### Given entries
=== Begin Enclosure ===

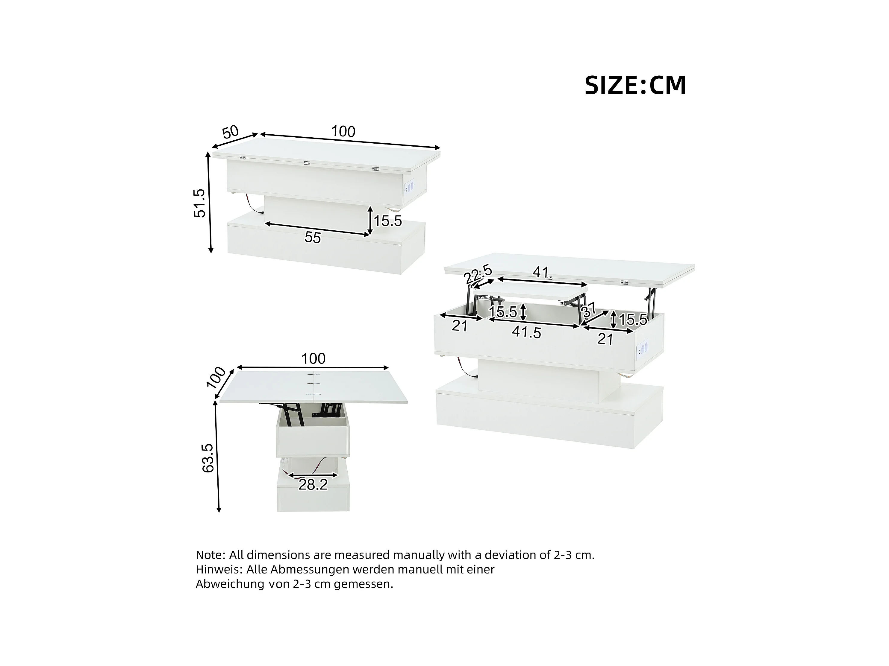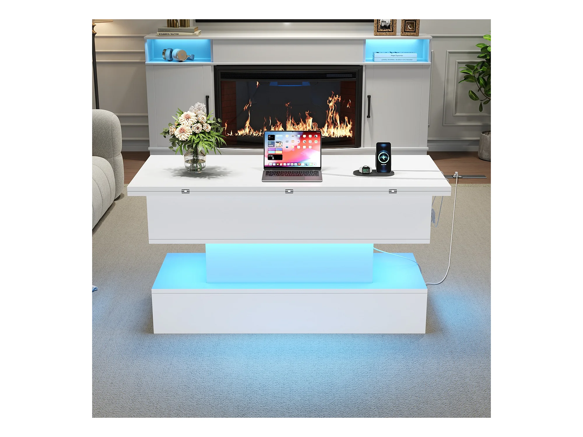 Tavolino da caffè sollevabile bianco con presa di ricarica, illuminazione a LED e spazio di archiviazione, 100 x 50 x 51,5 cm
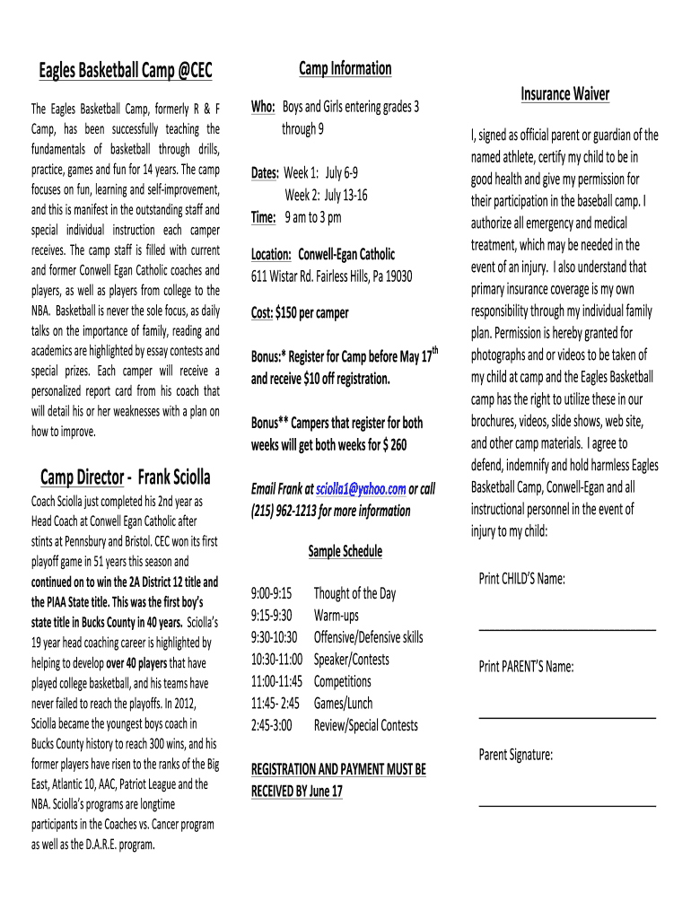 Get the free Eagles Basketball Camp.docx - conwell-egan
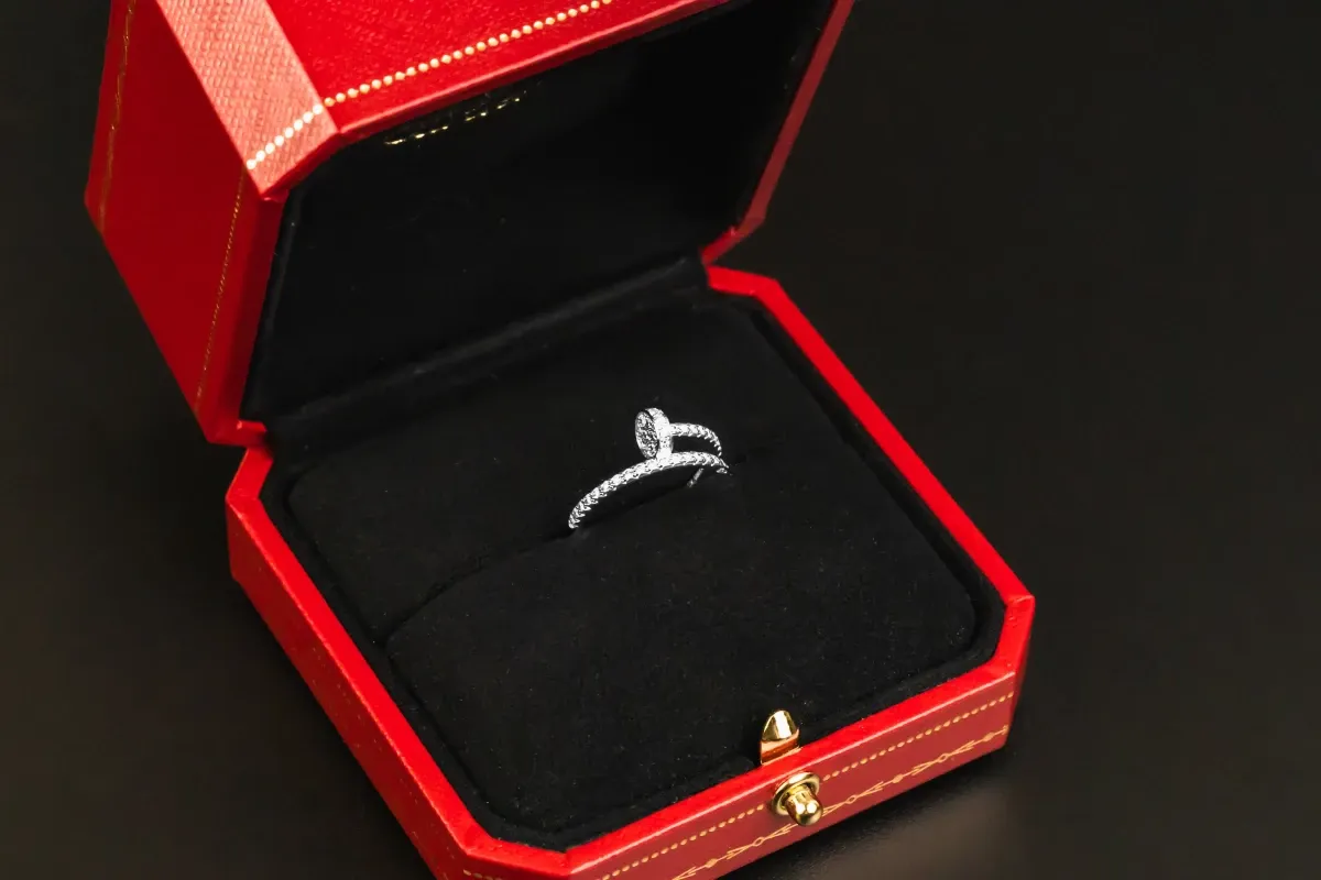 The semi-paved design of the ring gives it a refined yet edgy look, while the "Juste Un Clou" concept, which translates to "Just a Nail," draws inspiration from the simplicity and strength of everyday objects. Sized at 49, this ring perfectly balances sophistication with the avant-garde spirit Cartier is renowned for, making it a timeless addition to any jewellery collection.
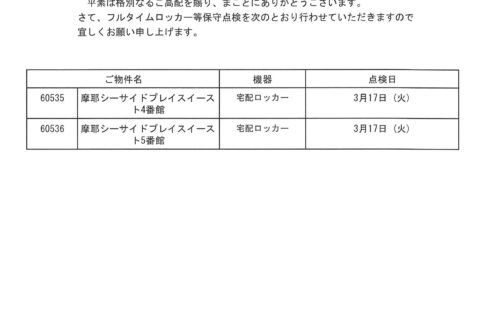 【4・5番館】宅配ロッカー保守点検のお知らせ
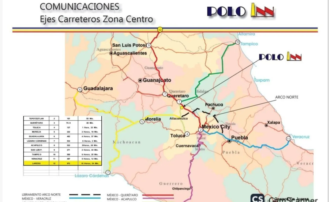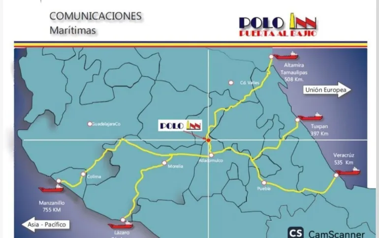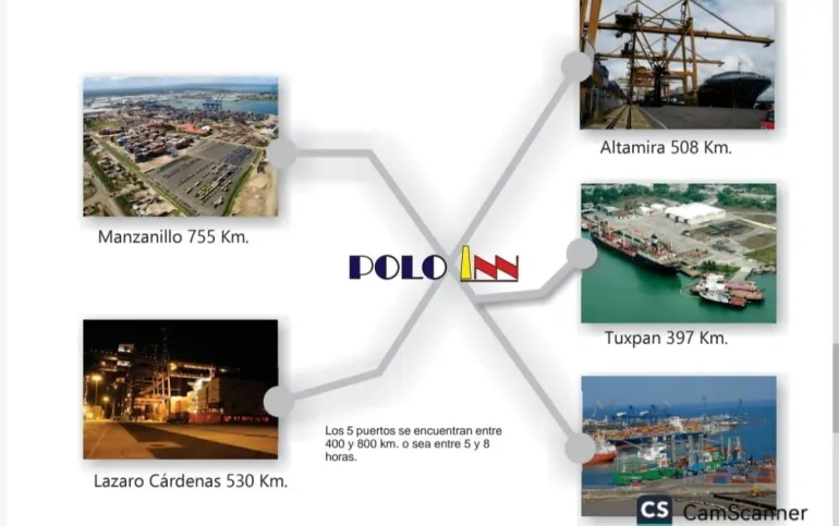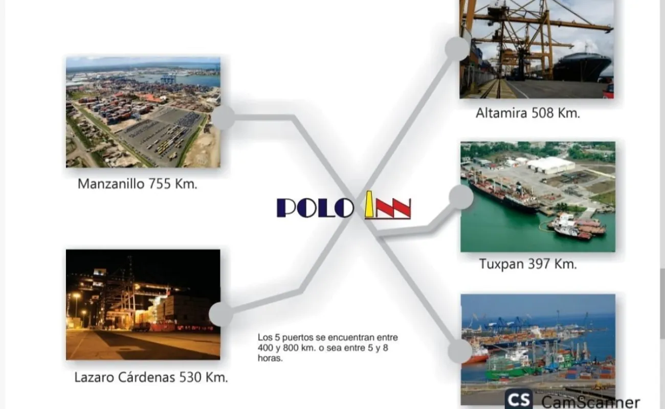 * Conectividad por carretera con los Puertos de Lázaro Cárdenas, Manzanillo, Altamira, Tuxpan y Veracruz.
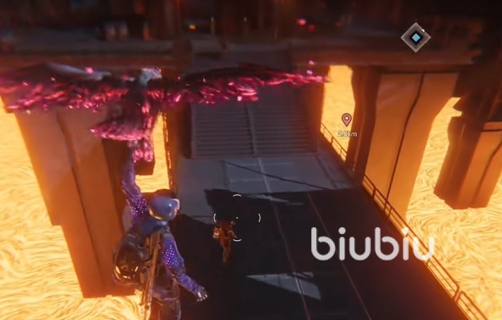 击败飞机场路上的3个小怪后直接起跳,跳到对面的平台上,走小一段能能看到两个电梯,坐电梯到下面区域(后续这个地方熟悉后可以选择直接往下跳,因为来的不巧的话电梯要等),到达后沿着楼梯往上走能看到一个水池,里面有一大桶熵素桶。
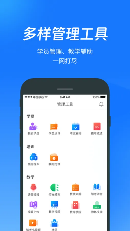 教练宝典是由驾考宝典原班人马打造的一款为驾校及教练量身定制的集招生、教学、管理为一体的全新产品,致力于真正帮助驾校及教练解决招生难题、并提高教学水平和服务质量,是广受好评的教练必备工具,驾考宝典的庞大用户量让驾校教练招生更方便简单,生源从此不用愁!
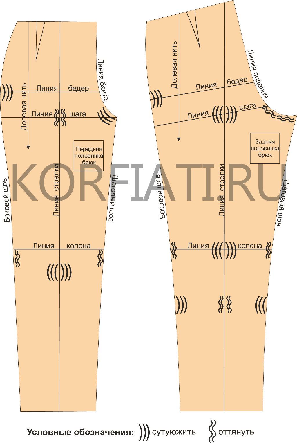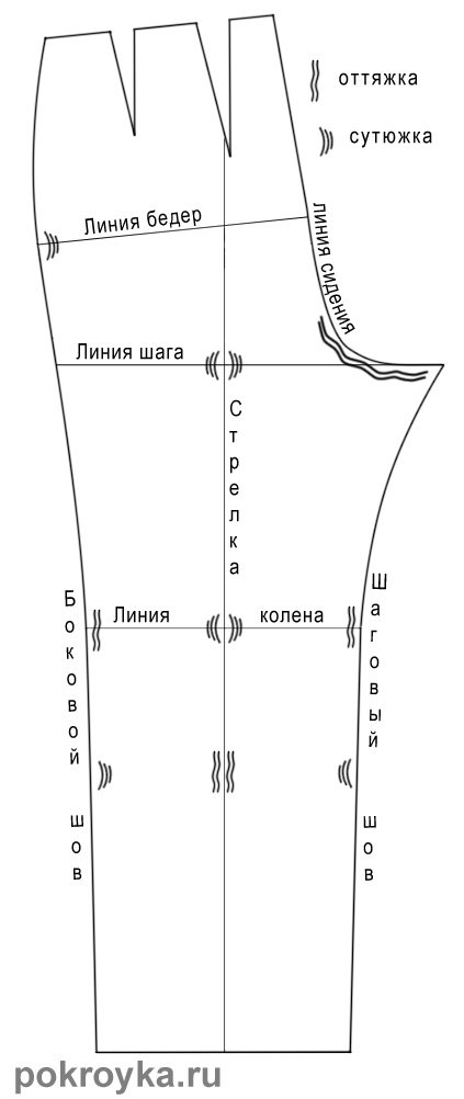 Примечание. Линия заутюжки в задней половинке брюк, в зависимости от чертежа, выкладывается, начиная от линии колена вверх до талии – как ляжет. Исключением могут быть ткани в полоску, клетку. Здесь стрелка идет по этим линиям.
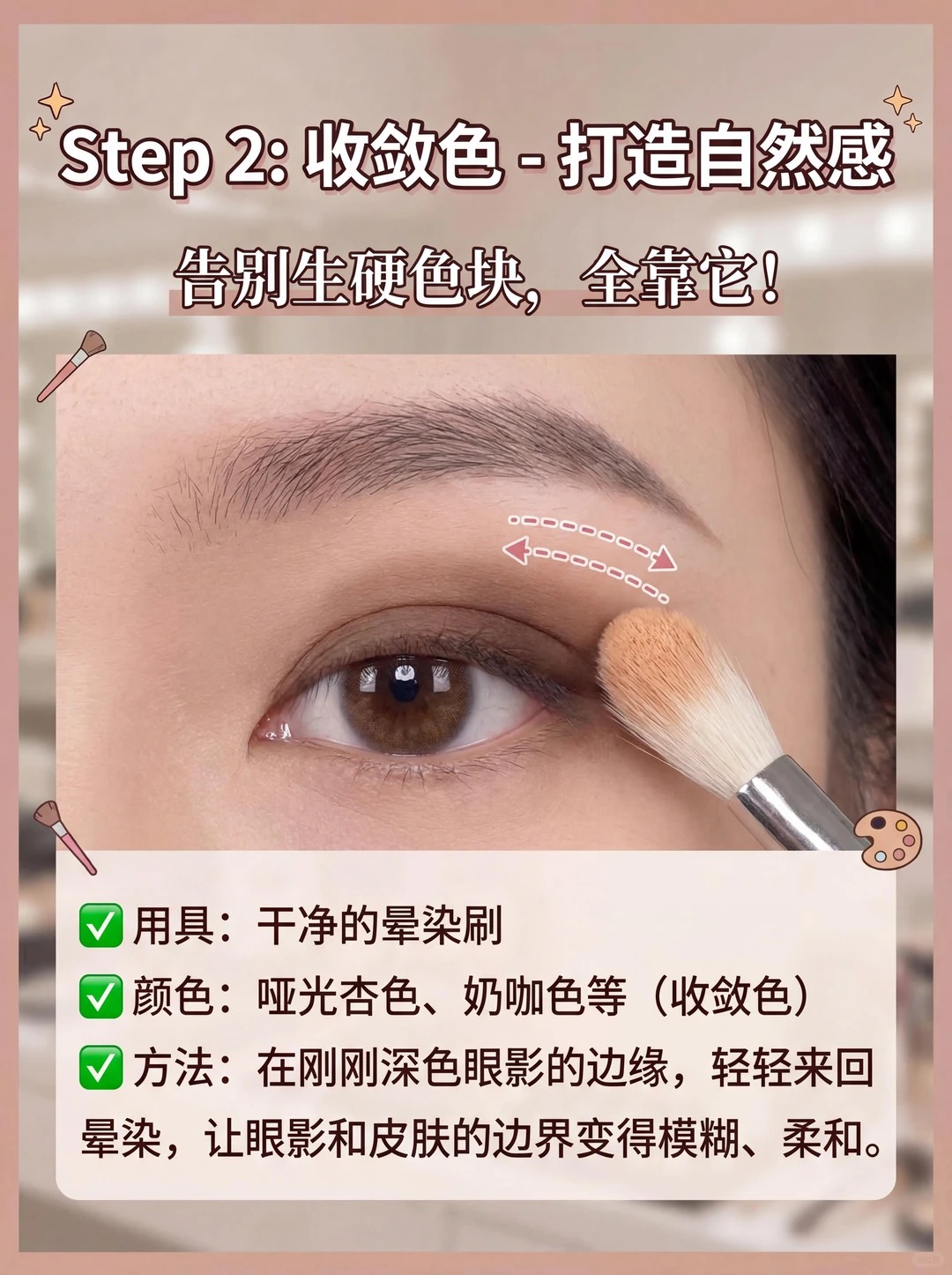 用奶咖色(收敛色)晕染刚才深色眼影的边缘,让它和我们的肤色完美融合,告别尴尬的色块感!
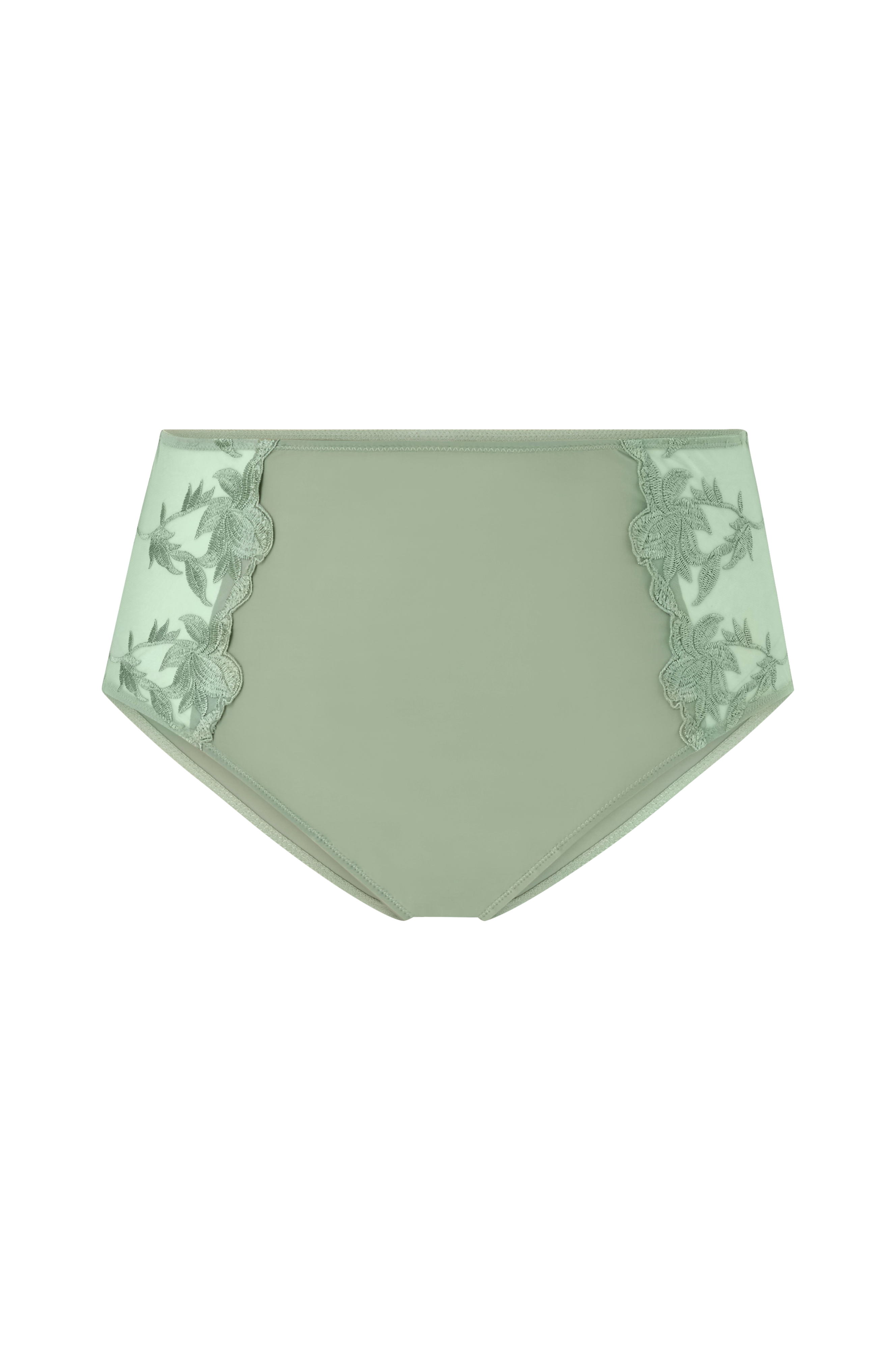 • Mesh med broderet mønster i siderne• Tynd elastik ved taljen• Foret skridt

=== End Enclosure ===

### Problem requirements
Please return exactly the lines above, from where the listing starts to the line holding "Tuxpan y Veracruz.", inclusive, with the pictures omitted.

### Answer
 Tavolino da caffè sollevabile bianco con presa di ricarica, illuminazione a LED e spazio di archiviazione, 100 x 50 x 51,5 cm
 Get the free Eagles Basketball Camp.docx - conwell-egan
 The semi-paved design of the ring gives it a refined yet edgy look, while the "Juste Un Clou" concept, which translates to "Just a Nail," draws inspiration from the simplicity and strength of everyday objects. Sized at 49, this ring perfectly balances sophistication with the avant-garde spirit Cartier is renowned for, making it a timeless addition to any jewellery collection.
 【4・5番館】宅配ロッカー保守点検のお知らせ
 * Conectividad por carretera con los Puertos de Lázaro Cárdenas, Manzanillo, Altamira, Tuxpan y Veracruz.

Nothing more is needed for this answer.